Турбинов распахнул дверь приемки и, понаблюдав за разминкой Клауса, сказал:
– Действительно тушканчик. А почему он прыгает?
– Ему спряжения глаголов уже не помогают, вот он и мается.
– Спряжения глаголов… – повторил Турбинов. – Следовательно, учение – свет. А вот в водку они добавляют какую-то дрянь. Определенно.
Возле дуба агента Пленума ожидала старуха Живолупова. На приближавшегося Фригидина она смотрела надменно, будто он был разносчиком просроченных огурцов.
– Очень хорошо, что мы с вами встретились! – сказал Фригидин. – Пора поговорить о повышении моего жалованья.

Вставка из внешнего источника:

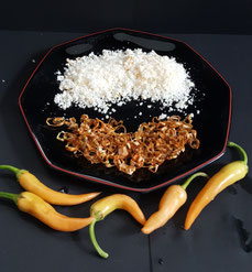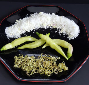 Eine wirkliche schöne und geschmacklich überraschende Chili. Ich habe sie getrocknet und in feine Ringe geschnitten. Außerdem habe ich sie mit zartschmelzenden Meersalzflocken aus Reykjane in Island gemischt.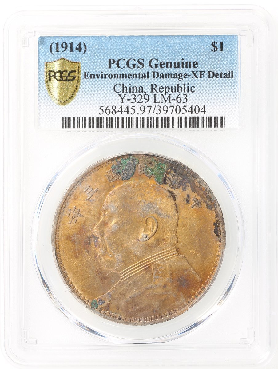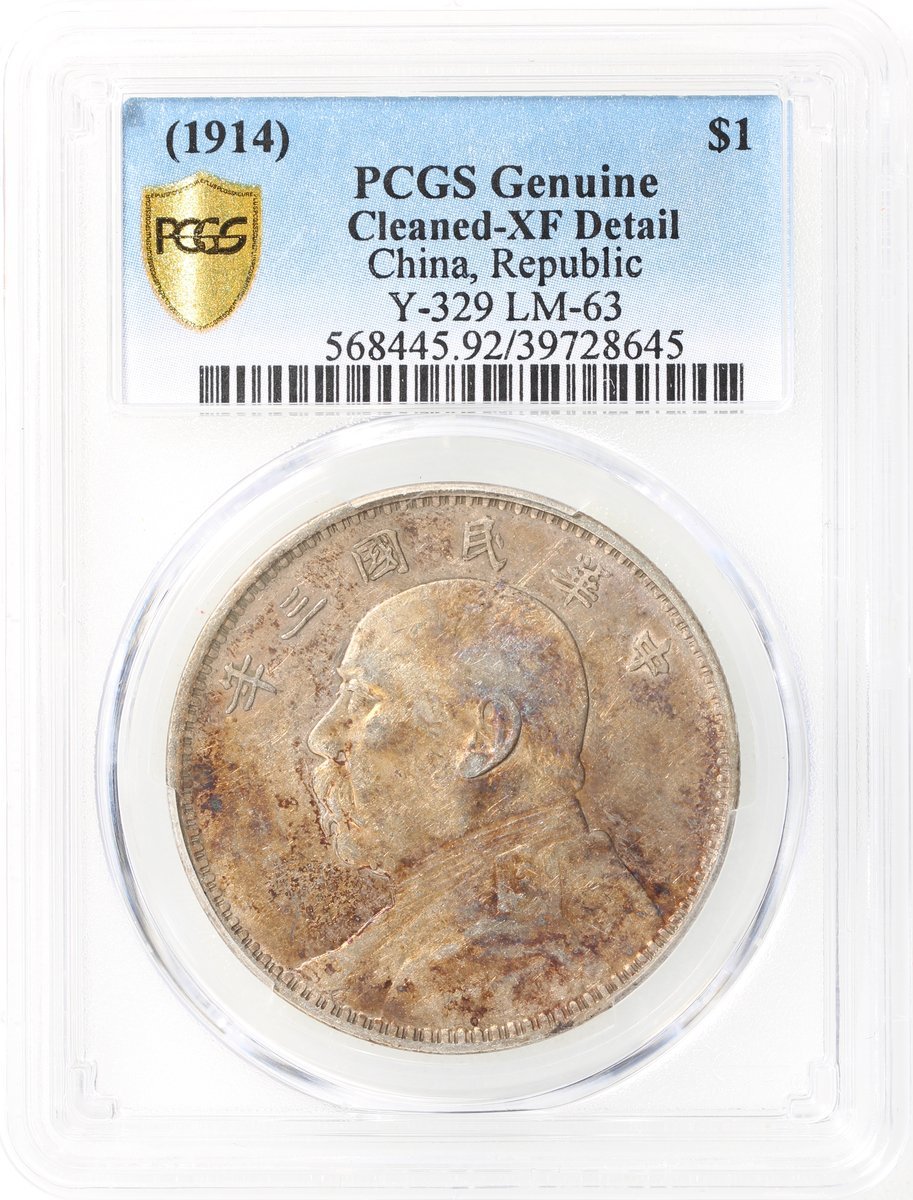 Republic of China, lot of 2 silver Fatman dollars, 1914, (Y-329, LM-63), PCGS XF Detail (Cleaned) and XF Detail (Environmental Damage), 2 coins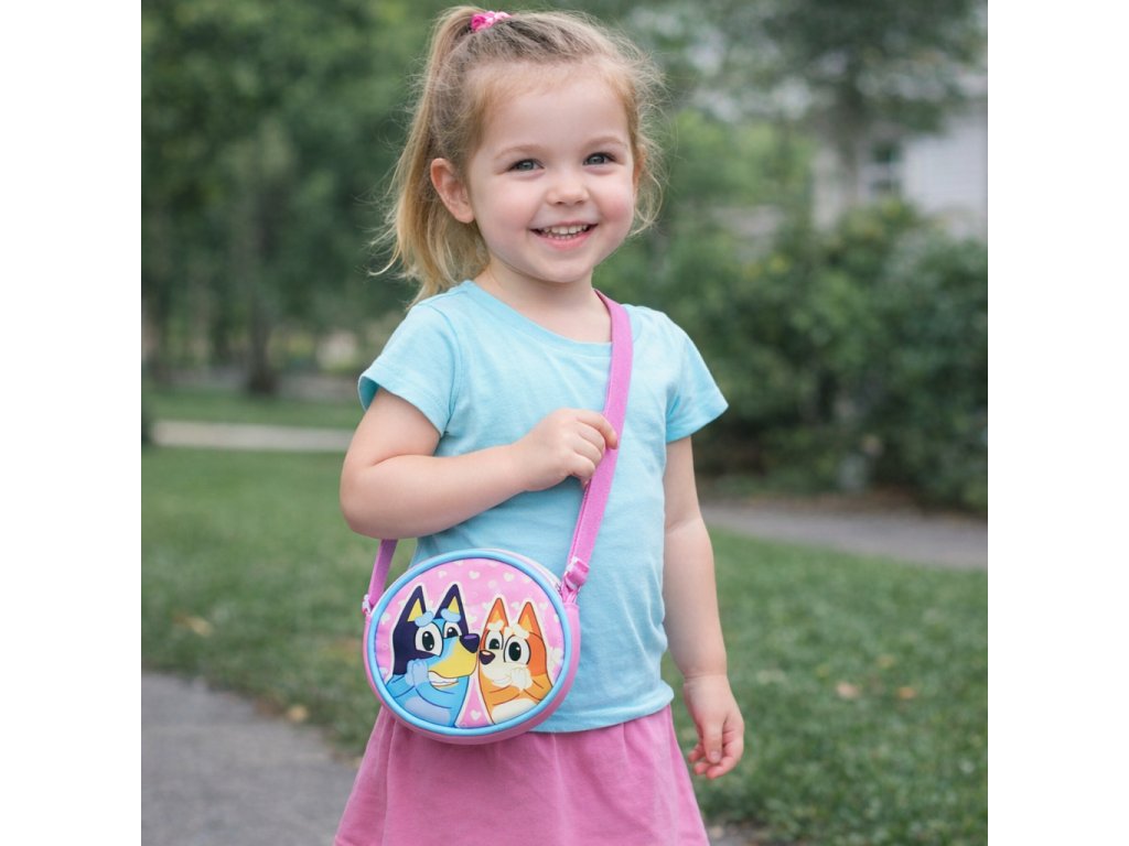 Kabelka pro holky, co fandí Bluey. Kulatá dívčí kabelka typu crossbody je opatřena přezkou, uvnitř polyester podšívkou a má zavírání na zip. Kabelka je v krásném růžovém provedení s potiskem srdíček a vyobrazením pohádkových kámošů.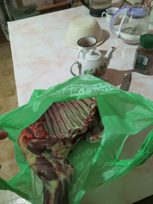 Да, это сосед угостил, двумя ляхами козла. Забивал и вау, мы в первый раз попробовали такое мясо. Оно жестковатое оказалось, перекрутили на фарш. Половину уже сьели) Но затарена морозилка ещё салом и мясом, хорошо))) Хорошо держать своё хозяйство, всё таки, как ни крути.. Это я про вас, кто его держит) Такое мяско кушать отлично прямо))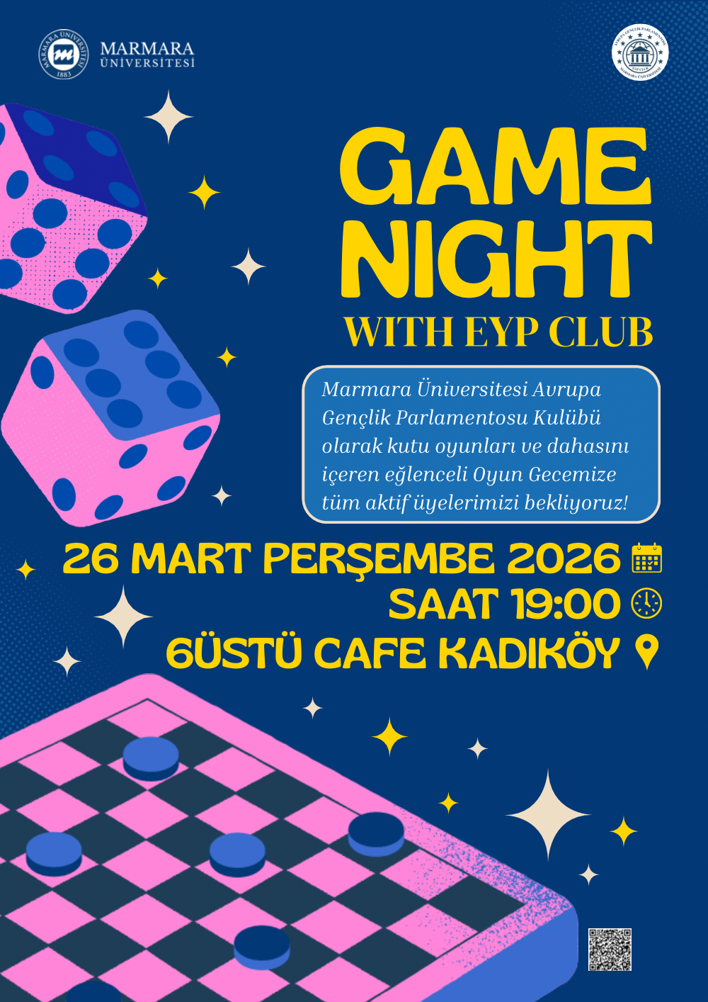 • 26.03.2026-19:00:21:00 | Üniversite Dışı Faaliyetler / Üniversite Dışı 6 Üstü Kafe Kadıköy - Caferağa, Sarraf Ali Sk. Kutu oyunları, satranç gibi birçok oyun bulunan Kadıköy 6 Üstü Kafe'de eğlenceli bir oyun gecesi geçireceğiz.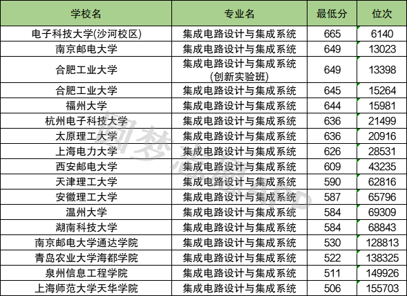 下表为集成电路设计与集成系统专业中分数线排名靠前的大学名单及分数。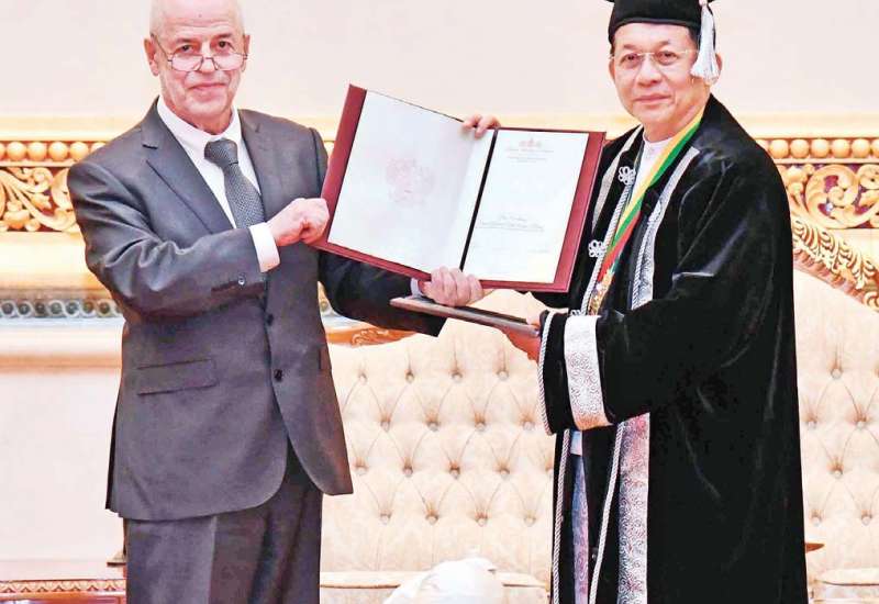 နိုင်ငံတော်စီမံအုပ်ချုပ်ရေးကောင်စီဥက္ကဋ္ဌ နိုင်ငံတော်ဝန်ကြီးချုပ် ဗိုလ်ချုပ်မှူးကြီး သတိုးမဟာသရေစည်သူ သတိုးသီရိသုဓမ္မ မင်းအောင်လှိုင်သည် ၂၀၂၃ ခုနှစ် (၇၅) နှစ်မြောက် စိန်ရတုလွတ်လပ်ရေးနေ့အထိမ်းအမှတ်အဖြစ် နိုင်ငံတော်ဖွံ့ဖြိုးတိုးတက်ရေးနှင့် ငြိမ်းချမ်းသာယာဝပြောရေးအတွက် စွမ်းစွမ်းတမံပူးပေါင်းဆောင်ရွက်ခဲ့ကြသည့် ပုဂ္ဂိုလ်များအား ဂုဏ်ထူးဆောင်ဘွဲ့များ၊ ဂုဏ်ထူးဆောင်တံဆိပ်များကို ချီးမြှင့်အပ်နှင်းခဲ့ပြီး ဇန်နဝါရီ ၁ ရက်နှင့် ၂ ရက်တို့တွင် အခမ်းအနားများကို အောင်မြင်စွာကျင်းပခဲ့ကာ အခမ်းအနားတက်ရောက်လာသည့် ဘွဲ့ခံပုဂ္ဂိုလ်များထံ ရရှိသည့်ဂုဏ်ထူးဆောင်ဘွဲ့များကို နိုင်ငံတော်စီမံအုပ်ချုပ်ရေးကောင်စီဥက္ကဋ္ဌ နိုင်ငံတော်ဝန်ကြီးချုပ်က ကိုယ်တိုင်တစ်ဦးချင်း လက်ရောက်ချီးမြှင့်အပ်နှင်းခဲ့ပြီးဖြစ်သည်။

Какие-то там Лехи зарабатывают по семьсот долларов, а я человек, интеллект которого вы используете…
– Заткнись, – оборвала его Живолупова.
– А почему это так сразу?
– Заткнись, халявщик. Я тебе и так переплачиваю. Тоже мне слово придумал: нтилект. Да твоего нтилекта там – два шарика три ролика. Скажи лучше, какими силами располагает Сережка Тютюнин.
– Какими силами? – Фригидин пожал плечами. – Друг его – Окуркин.
– Это я и без тебя знаю.
– Турбинов. Он, конечно, пьян, как подобает художнику, но, если упадет, может сильно пришибить. – Вспомнив тяжелую руку Турбинова, Фригидин осторожно тронул шею.
– Кузьмич там?
– Да. Кузьмич и говорящая прыгающая .крыса, которую называют тушканчиком!
– Говорящий тушканчик? Вы слышали, майор?
Из-за дуба вышел майор Яндкван. Он был весь в белом и с цветком красной астры в петлице. Сегодняшний захват суперменов должен был положить конец местному сопротивлению и послужить началом захвата планеты.
– Да, я все слышал. Возможно, это не простой земляной заяц, а ибабутский мятежник. В последнее время они плодятся, как тараканы. Вы не заметили, агент Пленум, какой-нибудь особенности в этой, как вы выразились, крысе?
– А кто сказал про крысу?
– Отвечай господину резиденту, сволочь! – потребовала Живолупова.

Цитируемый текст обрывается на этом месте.